Stored records.
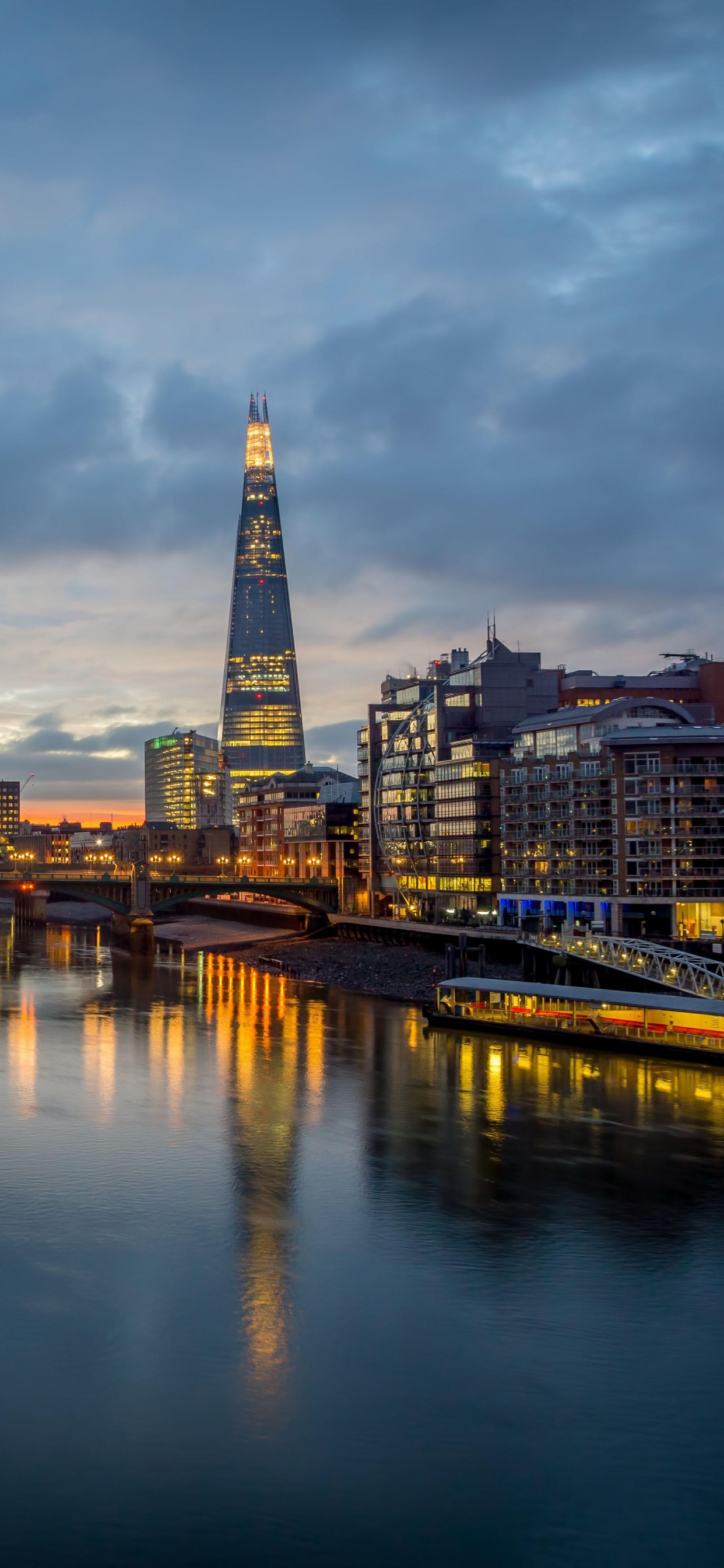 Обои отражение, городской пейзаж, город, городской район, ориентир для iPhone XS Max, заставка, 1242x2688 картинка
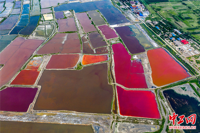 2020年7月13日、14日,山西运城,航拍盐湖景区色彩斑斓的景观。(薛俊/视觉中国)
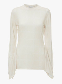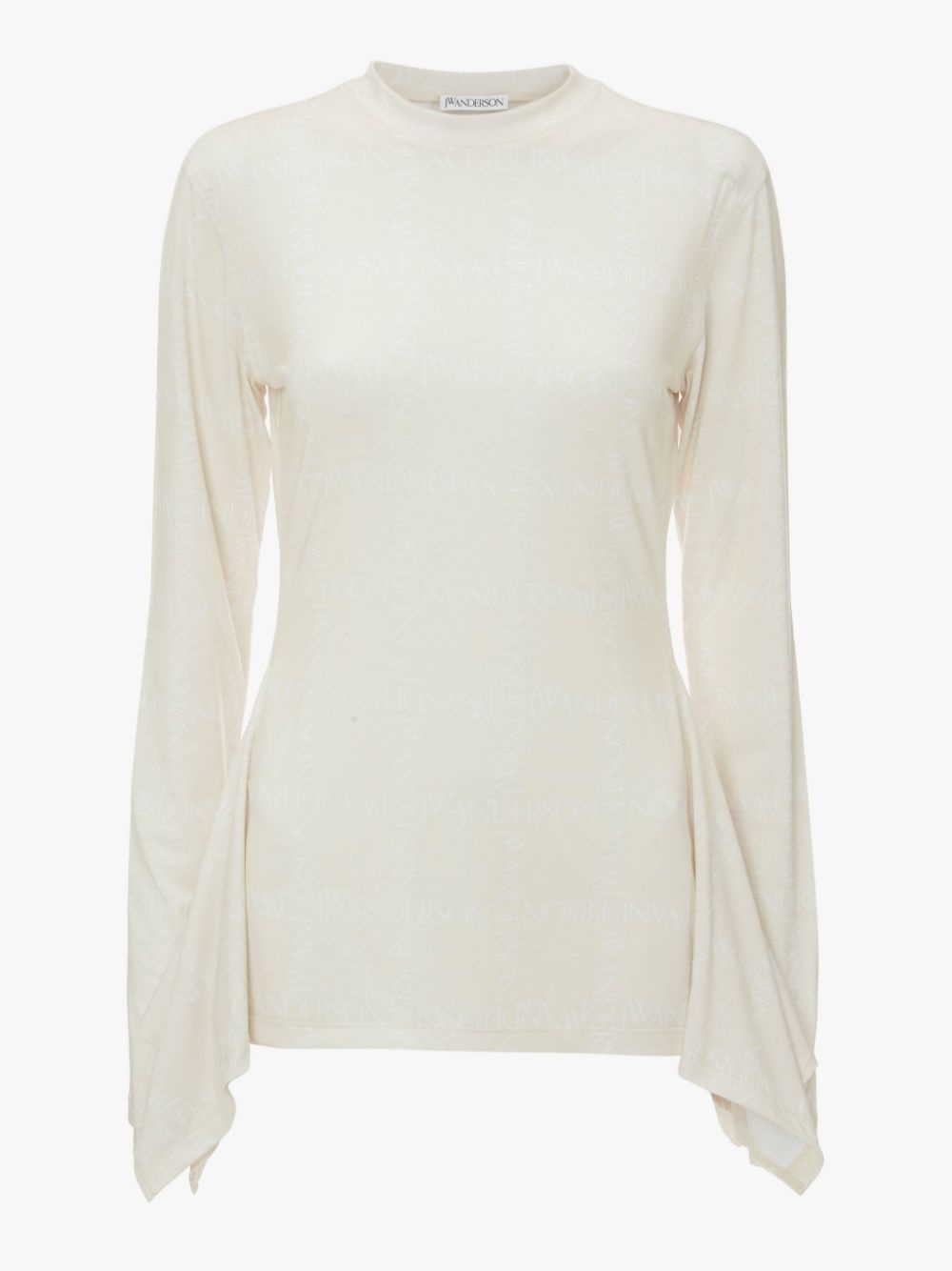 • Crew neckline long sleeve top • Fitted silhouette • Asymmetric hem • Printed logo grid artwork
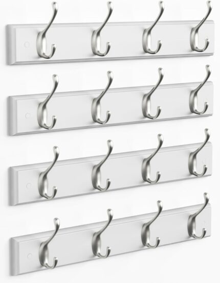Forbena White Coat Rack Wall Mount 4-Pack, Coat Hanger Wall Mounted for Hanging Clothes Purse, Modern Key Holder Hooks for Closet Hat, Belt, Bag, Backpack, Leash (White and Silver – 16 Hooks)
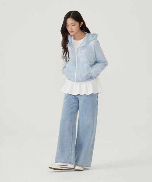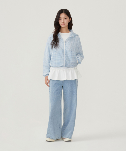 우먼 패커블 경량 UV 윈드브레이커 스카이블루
==
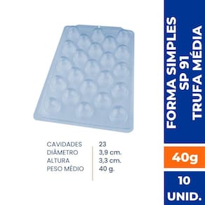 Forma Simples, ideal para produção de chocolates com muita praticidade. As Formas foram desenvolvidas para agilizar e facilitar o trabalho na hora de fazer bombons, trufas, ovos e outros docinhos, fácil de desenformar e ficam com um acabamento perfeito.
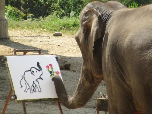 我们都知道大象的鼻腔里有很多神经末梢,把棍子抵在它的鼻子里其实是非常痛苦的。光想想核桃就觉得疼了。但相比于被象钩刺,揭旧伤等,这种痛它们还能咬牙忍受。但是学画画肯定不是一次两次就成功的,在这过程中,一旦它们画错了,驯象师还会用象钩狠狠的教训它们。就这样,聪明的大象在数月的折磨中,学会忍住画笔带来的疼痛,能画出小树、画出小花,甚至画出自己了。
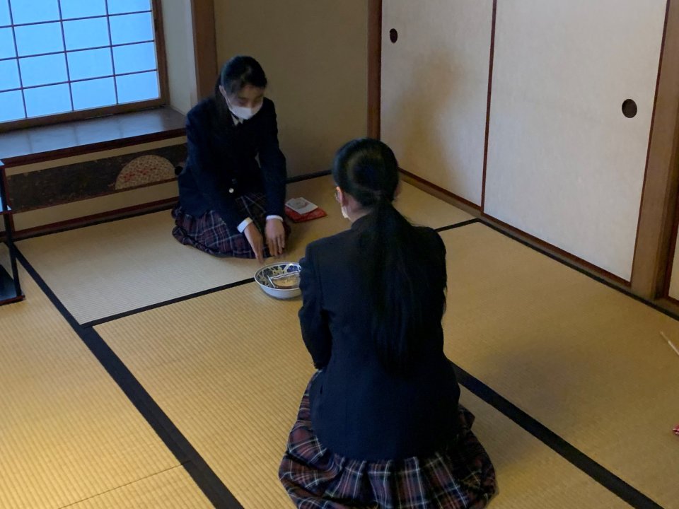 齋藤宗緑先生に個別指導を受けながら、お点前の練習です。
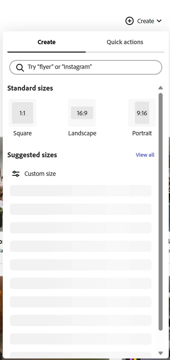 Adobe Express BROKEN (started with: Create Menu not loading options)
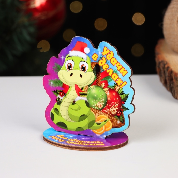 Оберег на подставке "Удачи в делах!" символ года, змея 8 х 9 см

What you will do.
Give the lines above again exactly, from the one containing "Forma Simples, ideal" to the one containing "Оберег на подставке", both included, but leave out the pictures.

Response.
 Forma Simples, ideal para produção de chocolates com muita praticidade. As Formas foram desenvolvidas para agilizar e facilitar o trabalho na hora de fazer bombons, trufas, ovos e outros docinhos, fácil de desenformar e ficam com um acabamento perfeito.
 我们都知道大象的鼻腔里有很多神经末梢,把棍子抵在它的鼻子里其实是非常痛苦的。光想想核桃就觉得疼了。但相比于被象钩刺,揭旧伤等,这种痛它们还能咬牙忍受。但是学画画肯定不是一次两次就成功的,在这过程中,一旦它们画错了,驯象师还会用象钩狠狠的教训它们。就这样,聪明的大象在数月的折磨中,学会忍住画笔带来的疼痛,能画出小树、画出小花,甚至画出自己了。
 齋藤宗緑先生に個別指導を受けながら、お点前の練習です。
 Adobe Express BROKEN (started with: Create Menu not loading options)
 Оберег на подставке "Удачи в делах!" символ года, змея 8 х 9 см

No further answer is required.